En la piel del crítico y el universo de lo popular
—Si tendrías que ponerte por un minuto en la piel del “crítico” y hacer una evaluación de El Bululú, o contarle al espectador por qué tendría que ir a ver esta obra, ¿qué le dirías?, ¿cuál sería tu argumento?
—Hay un argumento que yo, si fuese crítico, pondría en relieve, y de alguna manera es el mismo que me motiva a mí a hacer esta obra: yo les diría que tienen que verla porque es única. Más allá de sus características —para algunos podrán ser más o menos formidables—, creo que el que va a ver El Bululú puede percibir que hay algo único, y en el teatro eso es muy valioso. Se trata de algo distinto por lo que te deja, y no por lo que en sí mismo hace; y es único porque el espectador también se siente único.
—¿Cómo percibís la reacción del público en las funciones?
—Es avasallante, y muchos no pueden creer que haga dos funciones de esta obra. La ovación final es como un “volver a empezar”, porque en algún punto nos recuerda que el teatro siempre fue así, que el artista siempre quiere que el público esté ahí, con toda su fuerza, con toda su furia y con toda su alegría, festejando el teatro, pasándole por encima. Porque artistas exigentes hacen un público exigente, y viceversa. Entonces El Bululú se para ahí solito todas las noches, a levantar la vara lo más que pueda. Y además es teatro popular. Muchas veces lo popular es bastardeado por creer que atrae muchedumbres, por estar vinculado a lo masivo…
Hay un argumento que yo, si fuese crítico, pondría en relieve, y de alguna manera es el mismo que me motiva a mí a hacer esta obra: yo les diría que tienen que verla porque es única.
—De hecho el mismo bululú es un personaje popular.
—Exacto. El bululú es un personaje popular que presenta conflictos populares, de pueblo, que son eternos. Por eso se hicieron en el Siglo de Oro Español y se hacen hoy, acá en Buenos Aires, y siguen teniendo repercusión. Esos conflictos son los que nos acompañan desde el principio de los tiempos. No tienen autor, están con nosotros, los descubrimos en algún momento y nos sentimos completamente identificados con ellos; son conflictos originarios de nuestra formación como individuos y como sociedad. Y lo que los rodea es la lengua preciosa en la que están nombrados y explayados.
—Cuando uno te ve en la obra, vemos algo tan sencillo como un cuerpo debajo de una luz, y eso de alguna manera nos remonta a los inicios del teatro.

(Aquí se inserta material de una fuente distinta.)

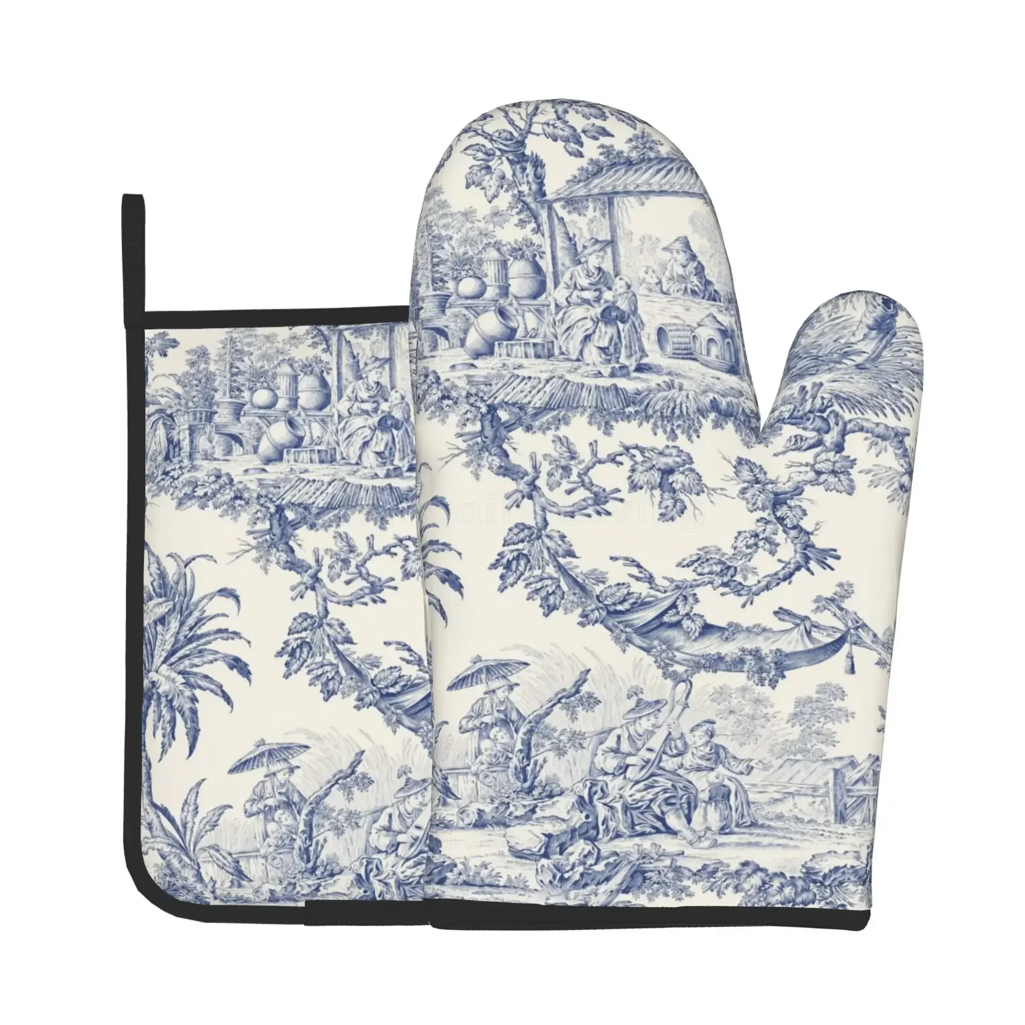 French Toile De Jouy Marineblaues Motiv, hitzebeständige Ofenhandschuhe und Topflappen-Sets, Of...

Así empezó todo, ¿no?
—Y se sabe que del origen siempre se huye. Es como huir de la verdad. Incomoda. La verdad siempre se cubre con perspectivas que están vinculadas a intereses personales, entonces uno empieza a llamar verdad a lo que le interesa que sea así. De pronto, la verdad comienza a ser actuar naturalmente porque me interesa estar dentro de cierta corriente realista-naturalista, o se pone de moda la poética del actor y entonces empezamos a actuar raro… Pero de aquello que es esencial, primero, que nace del deseo primitivo, del inicio del fuego… siempre se huye, porque no conviene. Y cuando por fin se presenta, hay algo de irrefutable en su manifestación. Es como la anarquía. ¿Por qué se huye de la anarquía? En el fondo todos somos anarquistas ¿no?, pero buscamos límites. Entonces nos definimos de otras maneras: soy peronista, soy radical, soy del PRO. Buscamos definiciones que nos ayuden a mantenernos vivos, relativamente saludables y con algún tipo de bienestar en esta vida, que nos regala todo el confort posible siempre y cuando hagamos esto.
¿Por qué se huye de la anarquía? En el fondo todos somos anarquistas ¿no?, pero buscamos límites. Entonces nos definimos de otras maneras: soy peronista, soy radical, soy del PRO. Buscamos definiciones que nos ayuden a mantenernos vivos, relativamente saludables y con algún tipo de bienestar en esta vida, que nos regala todo el confort posible siempre y cuando hagamos esto.
Arte y política
—El Siglo de Oro surge en un contexto de extrema pobreza, ¿qué relación creés que hay entre esos dos mundos: el arte y la política, el arte y la sociedad?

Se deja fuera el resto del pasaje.